┌─ RECORDS FOR THE EXERCISE
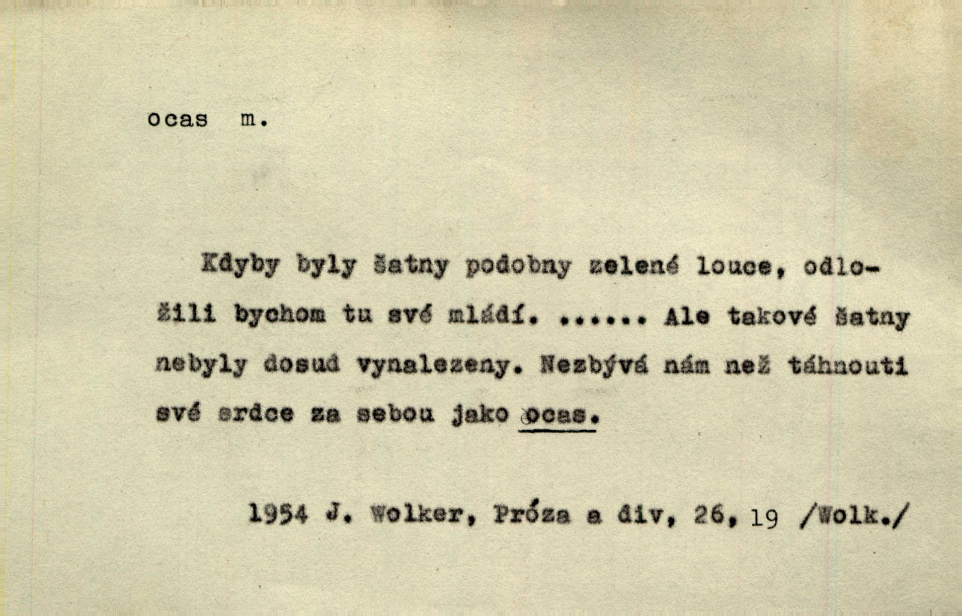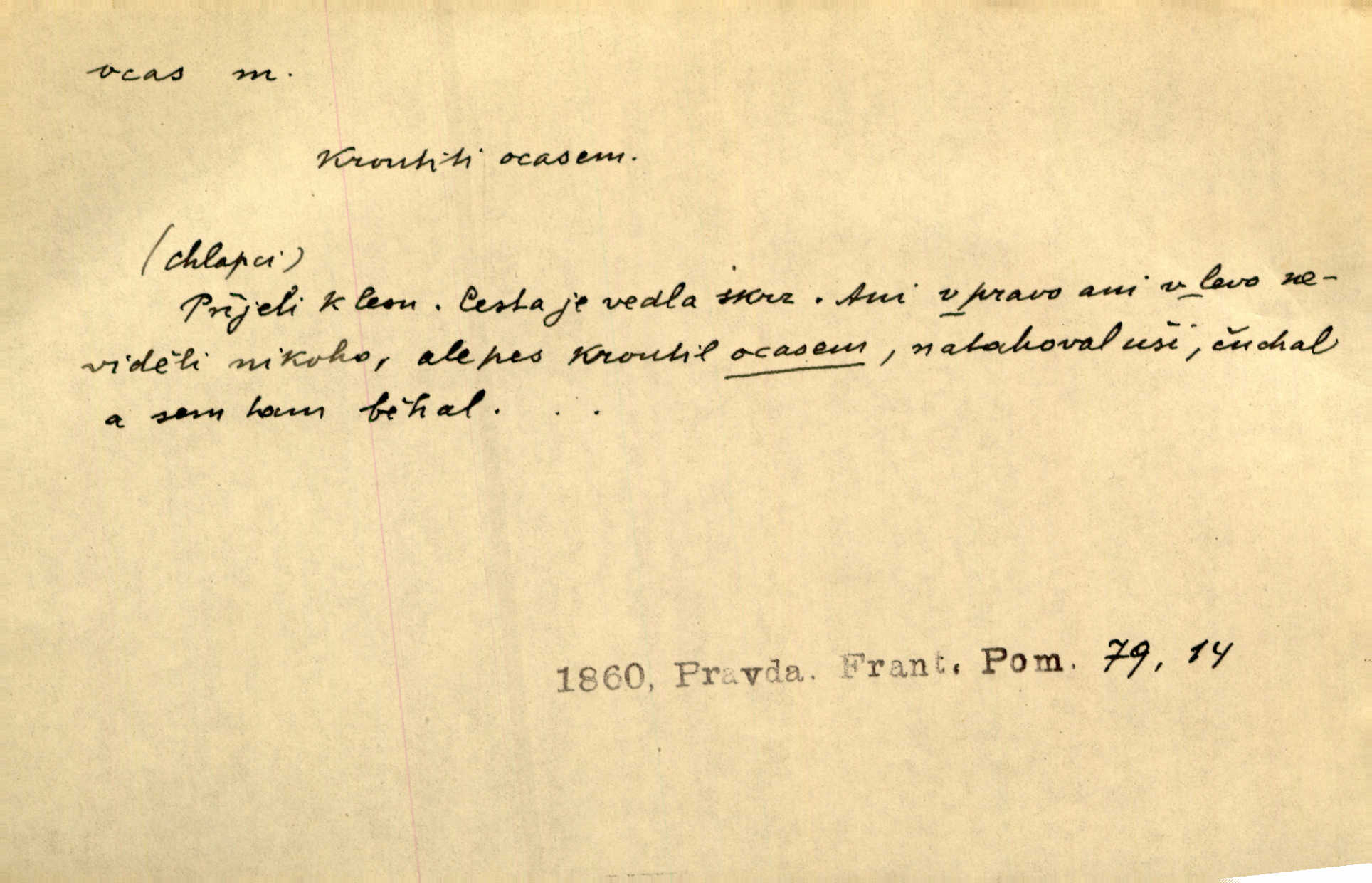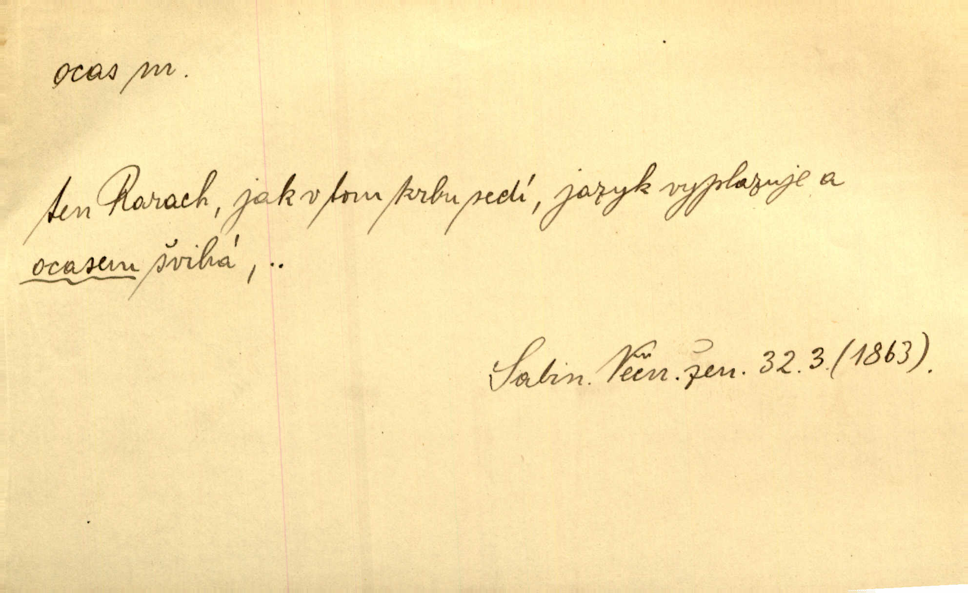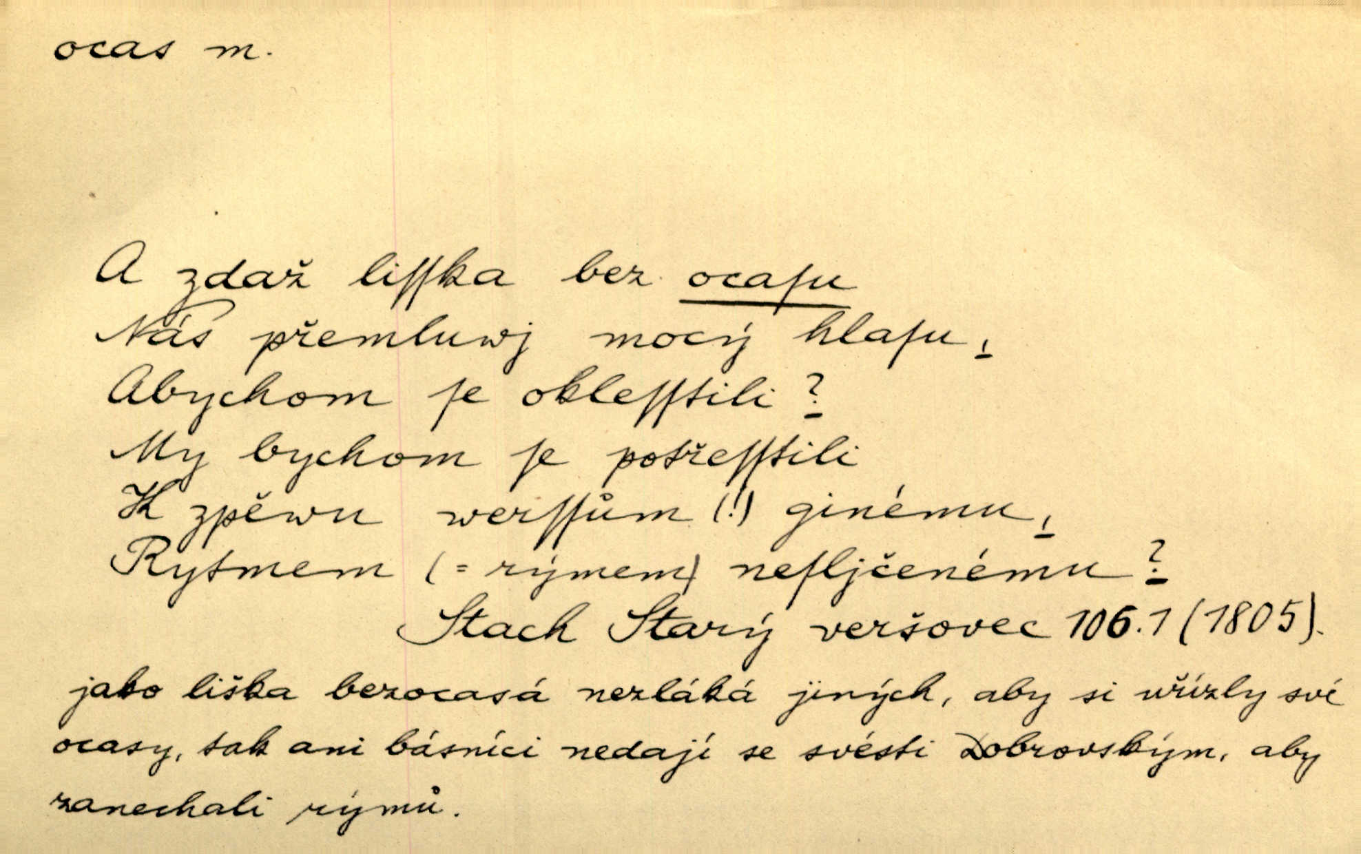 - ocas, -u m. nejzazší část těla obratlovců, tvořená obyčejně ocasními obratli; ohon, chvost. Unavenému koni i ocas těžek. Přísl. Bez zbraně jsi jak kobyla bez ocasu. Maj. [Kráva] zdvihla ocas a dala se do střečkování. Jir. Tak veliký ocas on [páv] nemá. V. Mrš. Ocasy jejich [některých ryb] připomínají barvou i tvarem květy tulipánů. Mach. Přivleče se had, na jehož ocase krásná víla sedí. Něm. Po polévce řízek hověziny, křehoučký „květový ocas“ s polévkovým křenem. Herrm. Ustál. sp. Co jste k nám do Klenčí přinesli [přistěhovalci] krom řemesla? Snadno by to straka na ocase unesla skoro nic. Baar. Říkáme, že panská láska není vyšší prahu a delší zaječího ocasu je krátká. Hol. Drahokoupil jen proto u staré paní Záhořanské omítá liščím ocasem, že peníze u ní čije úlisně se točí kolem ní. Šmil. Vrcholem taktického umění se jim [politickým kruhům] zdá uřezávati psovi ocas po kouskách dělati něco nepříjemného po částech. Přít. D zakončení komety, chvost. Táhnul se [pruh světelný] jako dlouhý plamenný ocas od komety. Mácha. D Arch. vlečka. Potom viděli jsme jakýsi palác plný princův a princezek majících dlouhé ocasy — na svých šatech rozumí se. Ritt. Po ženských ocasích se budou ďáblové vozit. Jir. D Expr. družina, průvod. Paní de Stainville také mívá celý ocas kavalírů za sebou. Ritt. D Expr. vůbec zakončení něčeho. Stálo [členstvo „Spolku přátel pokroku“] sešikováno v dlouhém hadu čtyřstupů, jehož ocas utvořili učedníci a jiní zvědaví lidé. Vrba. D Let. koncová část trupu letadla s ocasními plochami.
└─
┌─ RECORDS FOR THE EXERCISE
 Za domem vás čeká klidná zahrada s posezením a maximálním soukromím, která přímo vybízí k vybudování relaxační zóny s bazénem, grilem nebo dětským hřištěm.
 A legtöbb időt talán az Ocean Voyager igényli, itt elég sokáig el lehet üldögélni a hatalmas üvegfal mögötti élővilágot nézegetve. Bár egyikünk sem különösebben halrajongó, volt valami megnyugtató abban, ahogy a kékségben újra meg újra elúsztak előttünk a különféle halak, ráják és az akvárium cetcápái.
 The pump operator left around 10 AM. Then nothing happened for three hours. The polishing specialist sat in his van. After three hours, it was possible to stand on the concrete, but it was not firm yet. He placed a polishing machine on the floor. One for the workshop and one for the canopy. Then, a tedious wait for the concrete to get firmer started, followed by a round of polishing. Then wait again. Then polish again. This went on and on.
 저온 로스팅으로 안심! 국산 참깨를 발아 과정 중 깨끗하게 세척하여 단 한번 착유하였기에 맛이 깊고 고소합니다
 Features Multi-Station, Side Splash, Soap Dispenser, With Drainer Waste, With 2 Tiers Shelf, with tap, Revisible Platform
└─
# TASK BRIEF
Reproduce word for word the material above, starting with the line that has "저온 로스팅으로 안심!" and stopping after the line that has "Features Multi-Station, Side".

# FINISHED EXERCISE
 저온 로스팅으로 안심! 국산 참깨를 발아 과정 중 깨끗하게 세척하여 단 한번 착유하였기에 맛이 깊고 고소합니다
 Features Multi-Station, Side Splash, Soap Dispenser, With Drainer Waste, With 2 Tiers Shelf, with tap, Revisible Platform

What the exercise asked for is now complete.